The Struggle: Transcribe stuff for free with Whisper and WSL/Linux – With a GTX 1060

I’ve been struggling with transcription issues for quite some time, for a variety of reasons. Examples: I need a text transcribed to be pasted into Suno, that only exists as a m4a-file (i.e. music, that sometimes has hardcoded subtitles that has to be manually transcribed). Etc.

I first found a Samsung app that could handle transcription, but it quickly became clear that it was limited to its own ecosystem. In practice, you could only transcribe audio that had been recorded inside that specific app.

Since then, I’ve been looking around on and off, and more recently I picked it up again as the need increased – partly to get correct transcriptions, but also to be able to process any audio files I download or record. Samsung’s app is decent, but the quality varies. Right after recording, it performs a quick transcription, but the result is noticeably worse than if you re-run the transcription once the audio file is fully finalized.

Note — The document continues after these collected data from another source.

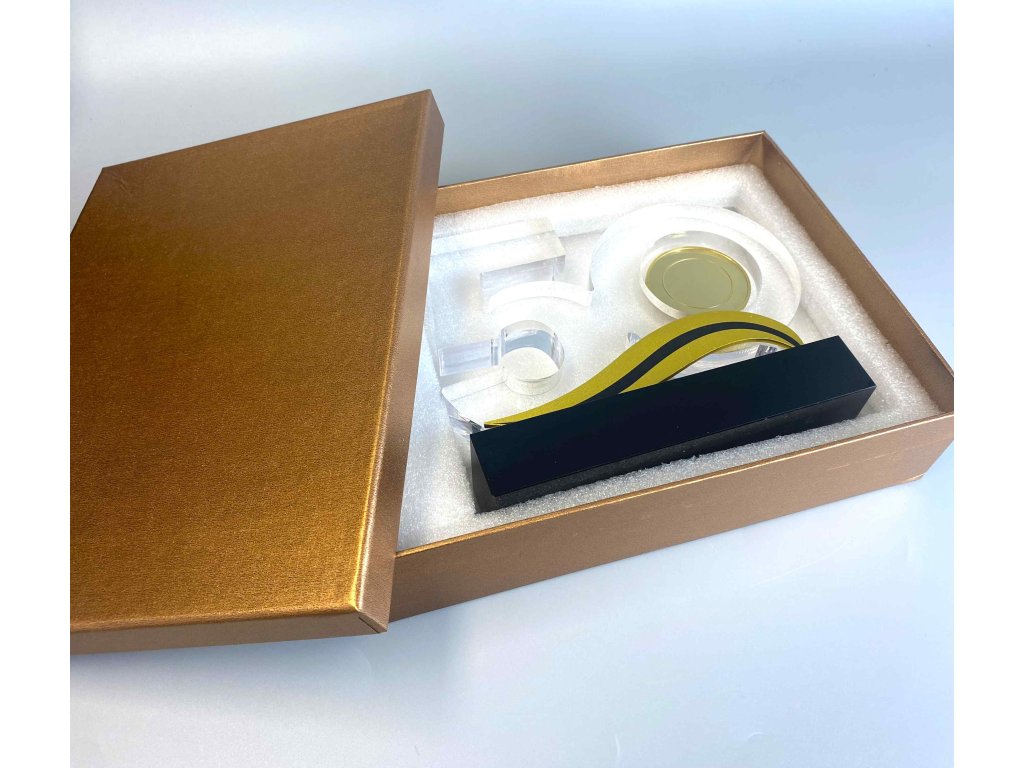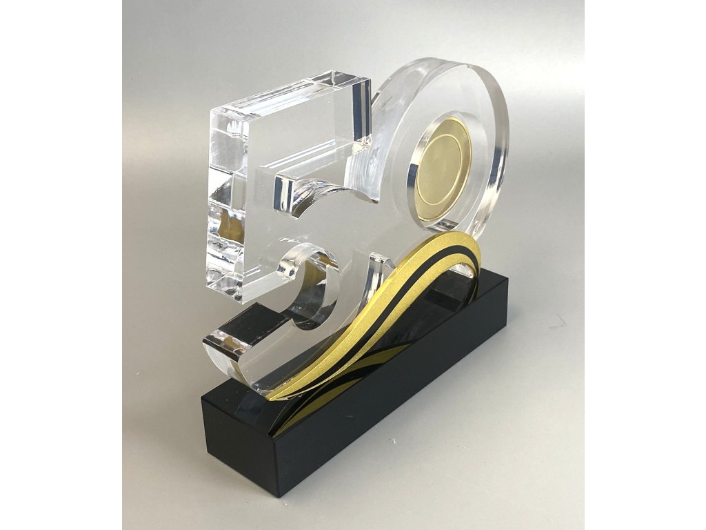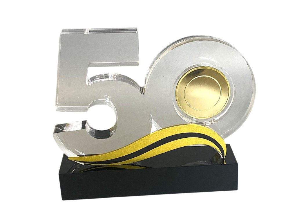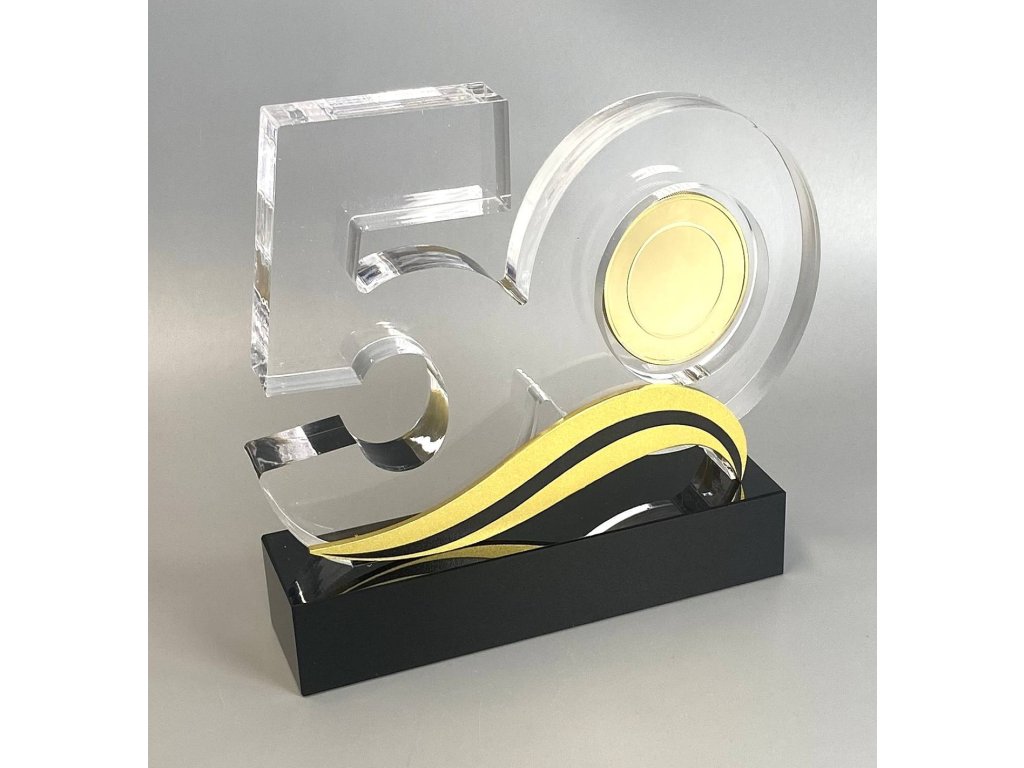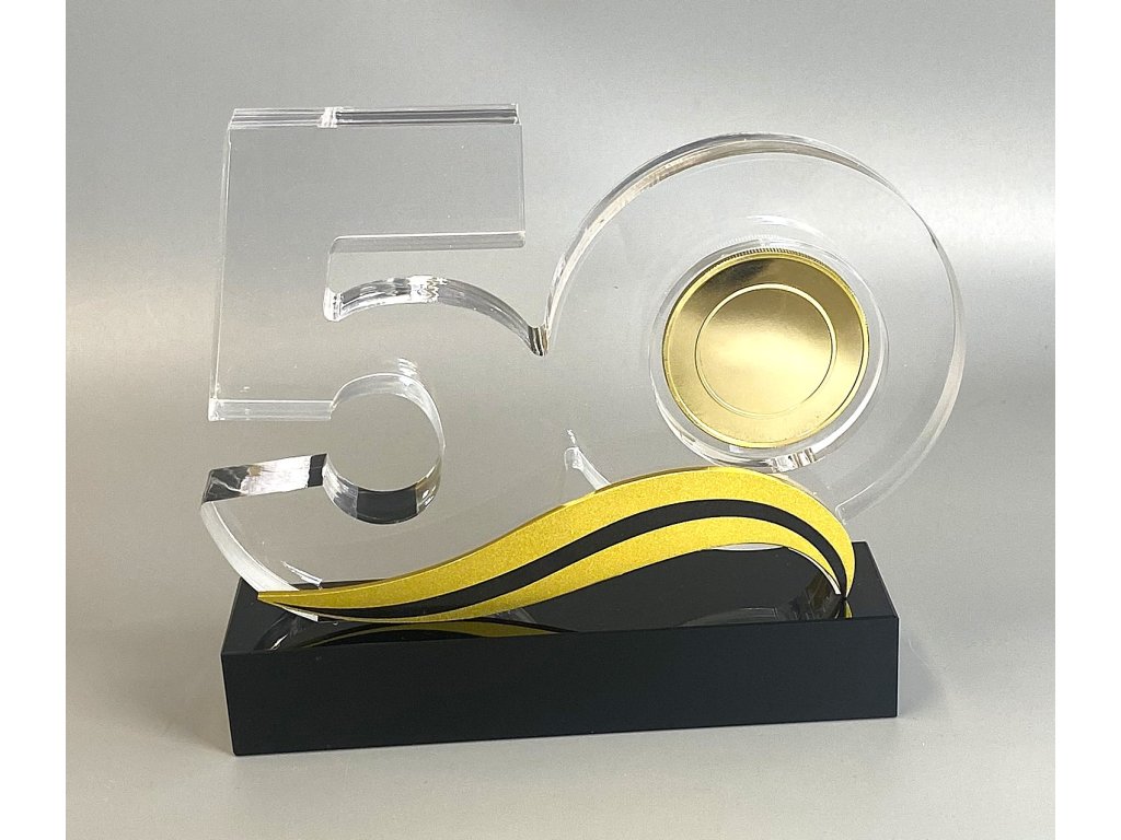 Stílusos akril jubileumi pohár aranyszínű részletekkel az alapon, elegáns kivitelben, különösen alkalmas a jubilánsok számára, logó/szöveg hozzáadásának lehetőségével egy fémérmén, valamint egy gravírozott lemezzel az alapon. . A pohár kialakítása ideális választás különböző típusú társadalmi eseményekhez, különleges sporteseményekhez stb.
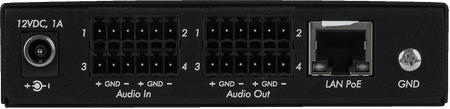 Pasarela de audio bidireccional para redes Dante. Dispone de cuatro canales de entrada y cuatro canales de salida de audio analógico balanceado a través de conectores Phoenix. Compatible con señales de nivel de línea y micrófono. Soporta transmisión de audio de rango completo (20Hz-20KHz) sobre cableado Cat5e/6 hasta 100 metros. Alimentación mediante PoE (PD, IEEE 802.3af). Gestionable a través del software Dante Controller. Dimensiones: 111 x 120 x 25 mm. Peso: 0,70 kg.
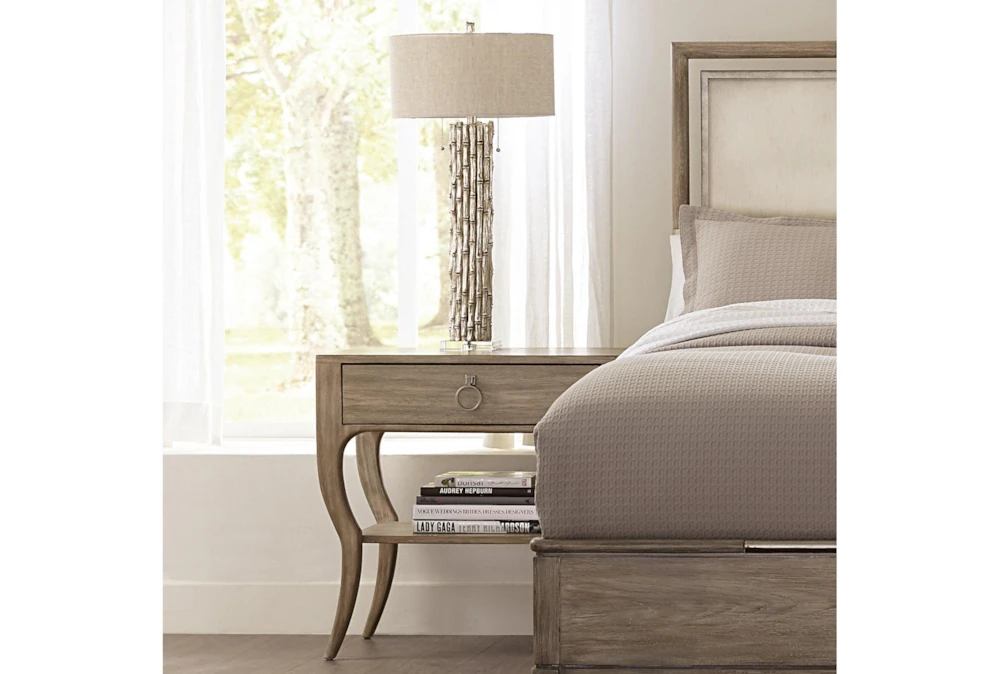 The Esmeralda 29″ 1 Drawer Nightstand is a traditional style piece for your bedroom, made of hardwood solids with oak veneers and Asian hardwood in a grey finish. This tall nightstand has one drawer and shelves for added storage.
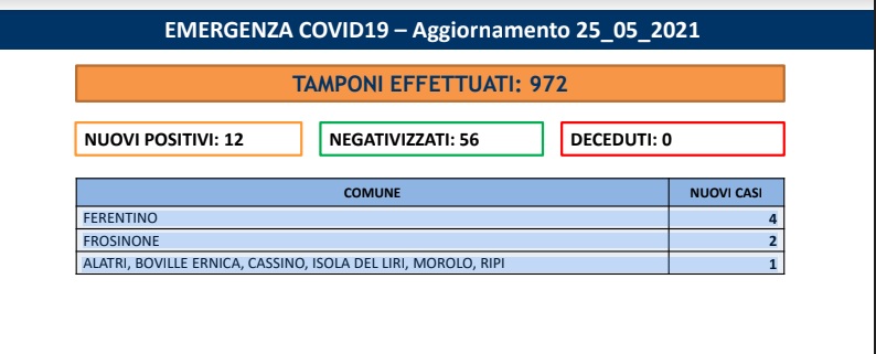 In Ciociaria sono stati effettuati 972 tamponi che hanno fatto registrare 12 nuovi casi di positivi al Sars-CoV-2. I negativizzati sono 56. Nessun decesso nelle ultime 24h di persone residenti nella provincia di Frosinone.
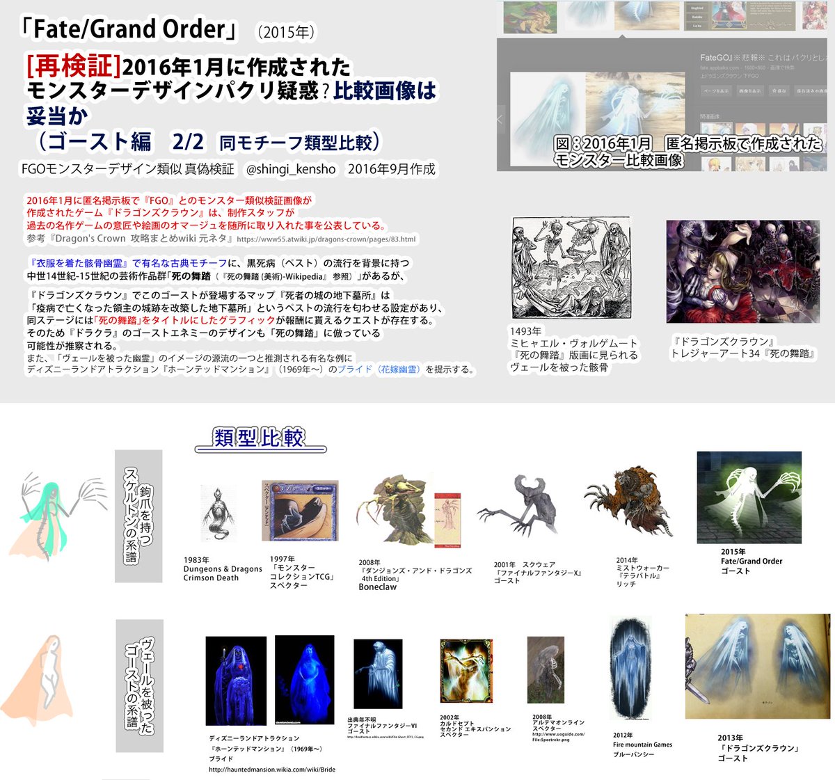 2015年開始のゲーム「Fate/Grand Order」のモンスターデザインが2013年発売のゲーム「ドラゴンズクラウン」の同モンスターに似ていると話題に。 パクリの嫌疑をかけた2chスマホアプリ板の住人がまともな検証もせず比較画像の体裁で「パクリ認定画像」 を作成。
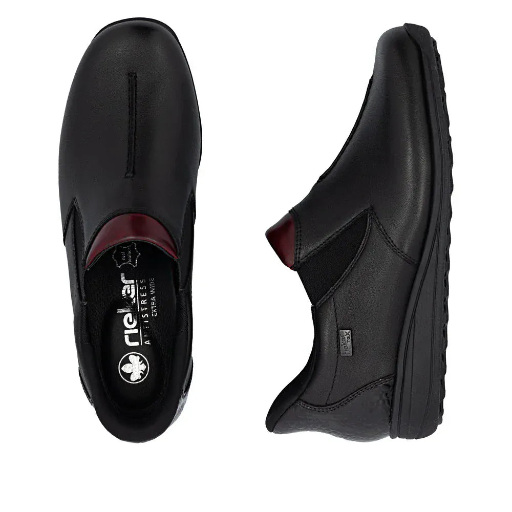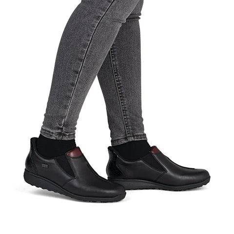 Rieker Women's 47253-00 Loafer Booties- Black/ Wine
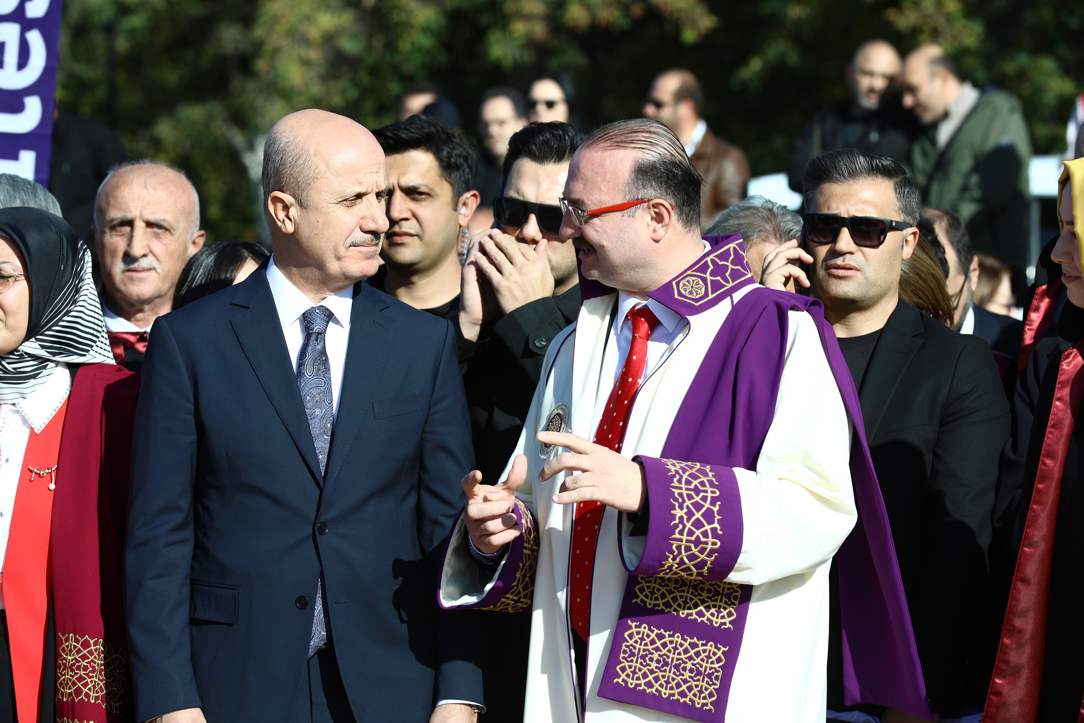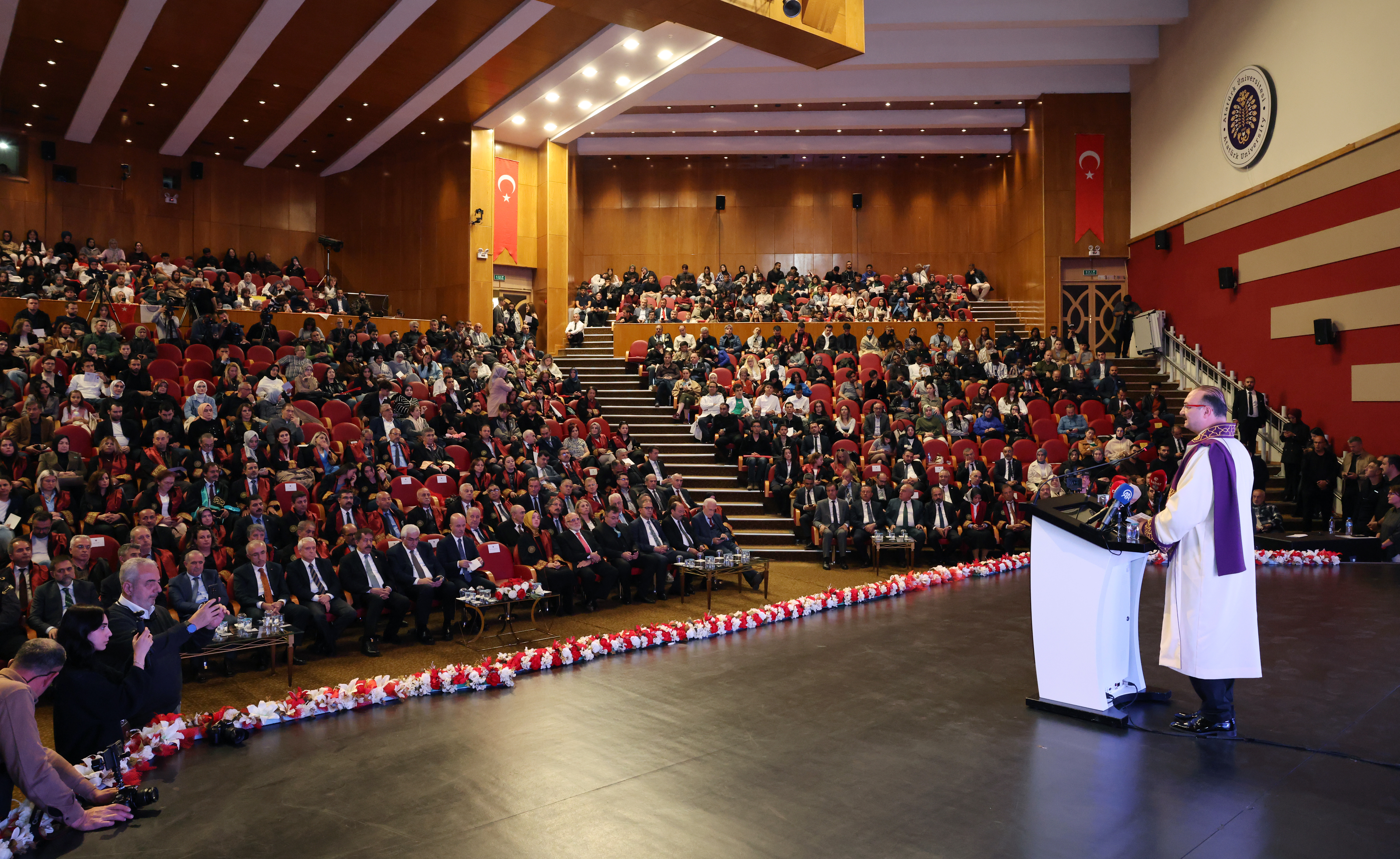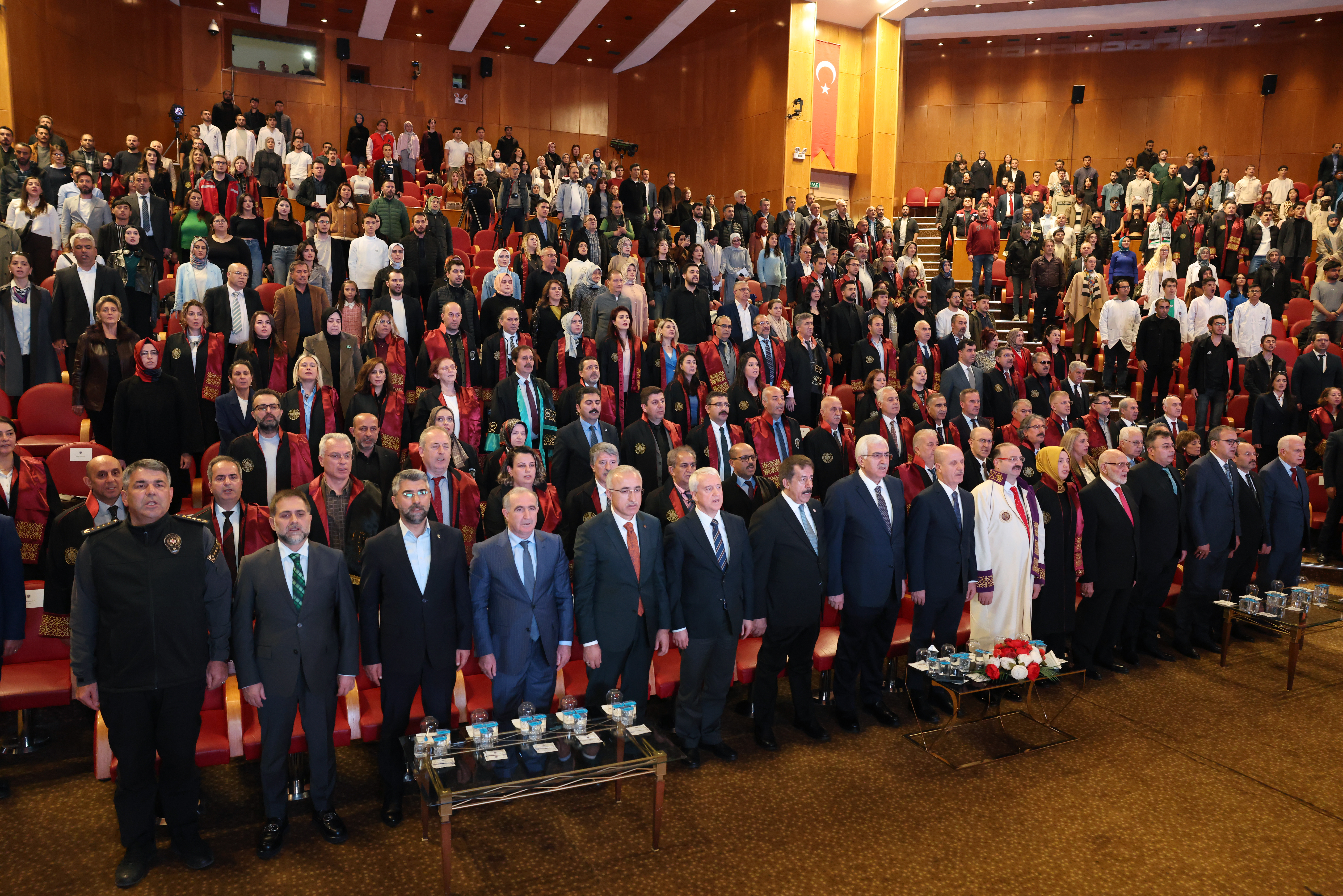 Konuşmasının devamında Erzurum’un köklü ilim ve irfan geleneğine değinen Rektör Hacımüftüoğlu, Atatürk Üniversitesinin bu mirastan beslenerek 68 yıldır bilim yolculuğunu sürdürdüğünü belirtti. Üniversitenin 23 fakülte, 12 meslek yüksekokulu, 1 konservatuvar, 9 enstitü ve 44 araştırma merkeziyle güçlü bir akademik yapıya sahip olduğunu aktaran Hacımüftüoğlu, toplam 63 bin örgün öğrencinin yanı sıra açık ve uzaktan öğretim programlarında yer alan 578 bin öğrenciyle birlikte 640 bine ulaşan öğrenci sayısıyla Atatürk Üniversitesinin adeta bir kültürler buluşma noktası olduğunu kaydetti.

At that point I came across “Whisper Transcribe” for Windows. It works, but it requires an account and, of course, paid credits to continue transcribing. You get a small number of free credits at first, but once those run out, you’re expected to pay quite a bit just to keep going.

I already knew that there must be software capable of doing this completely locally. I had previously discovered that Whisper exists in an open-source form as well (I’m not even sure whether the Windows application actually builds on that or not). So today I decided to finally figure out how to do it properly myself.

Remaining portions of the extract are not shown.